* _Collected material_

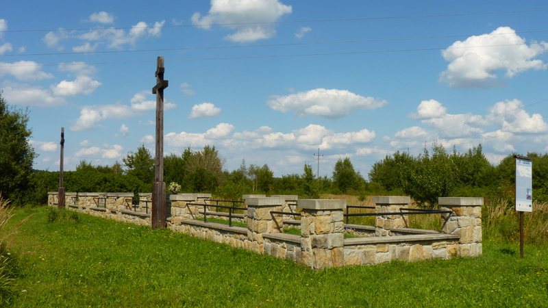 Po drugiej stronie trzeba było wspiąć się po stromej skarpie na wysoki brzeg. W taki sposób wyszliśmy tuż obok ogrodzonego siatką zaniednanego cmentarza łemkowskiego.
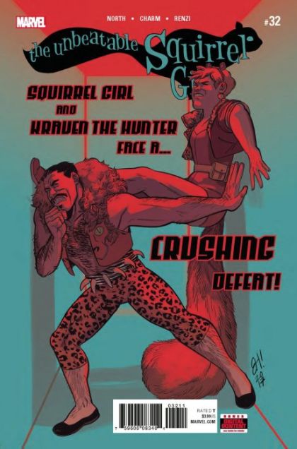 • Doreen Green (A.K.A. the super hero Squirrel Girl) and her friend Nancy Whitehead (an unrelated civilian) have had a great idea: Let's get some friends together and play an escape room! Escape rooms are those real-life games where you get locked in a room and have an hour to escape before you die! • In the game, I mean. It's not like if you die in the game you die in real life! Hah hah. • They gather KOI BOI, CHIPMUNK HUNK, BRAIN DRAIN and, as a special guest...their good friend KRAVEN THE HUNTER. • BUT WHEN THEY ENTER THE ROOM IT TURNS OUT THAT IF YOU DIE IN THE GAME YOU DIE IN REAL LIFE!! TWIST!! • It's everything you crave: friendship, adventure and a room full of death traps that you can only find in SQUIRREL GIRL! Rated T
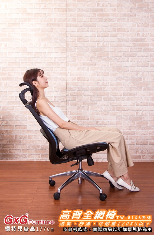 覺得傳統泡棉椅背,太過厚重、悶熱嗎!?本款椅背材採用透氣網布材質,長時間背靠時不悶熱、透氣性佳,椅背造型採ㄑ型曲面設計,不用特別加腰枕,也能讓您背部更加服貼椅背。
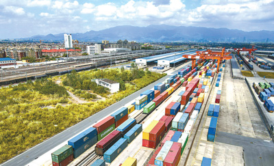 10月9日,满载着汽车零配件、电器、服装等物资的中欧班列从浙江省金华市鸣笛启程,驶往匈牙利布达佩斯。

* _Exercise_
With pictures excluded, restate word for word the lines from the one that contains "GIRL! Rated T" through the end of the material, inclusive, and nothing more.

* _Problem solution_
 • Doreen Green (A.K.A. the super hero Squirrel Girl) and her friend Nancy Whitehead (an unrelated civilian) have had a great idea: Let's get some friends together and play an escape room! Escape rooms are those real-life games where you get locked in a room and have an hour to escape before you die! • In the game, I mean. It's not like if you die in the game you die in real life! Hah hah. • They gather KOI BOI, CHIPMUNK HUNK, BRAIN DRAIN and, as a special guest...their good friend KRAVEN THE HUNTER. • BUT WHEN THEY ENTER THE ROOM IT TURNS OUT THAT IF YOU DIE IN THE GAME YOU DIE IN REAL LIFE!! TWIST!! • It's everything you crave: friendship, adventure and a room full of death traps that you can only find in SQUIRREL GIRL! Rated T
 覺得傳統泡棉椅背,太過厚重、悶熱嗎!?本款椅背材採用透氣網布材質,長時間背靠時不悶熱、透氣性佳,椅背造型採ㄑ型曲面設計,不用特別加腰枕,也能讓您背部更加服貼椅背。
 10月9日,满载着汽车零配件、电器、服装等物资的中欧班列从浙江省金华市鸣笛启程,驶往匈牙利布达佩斯。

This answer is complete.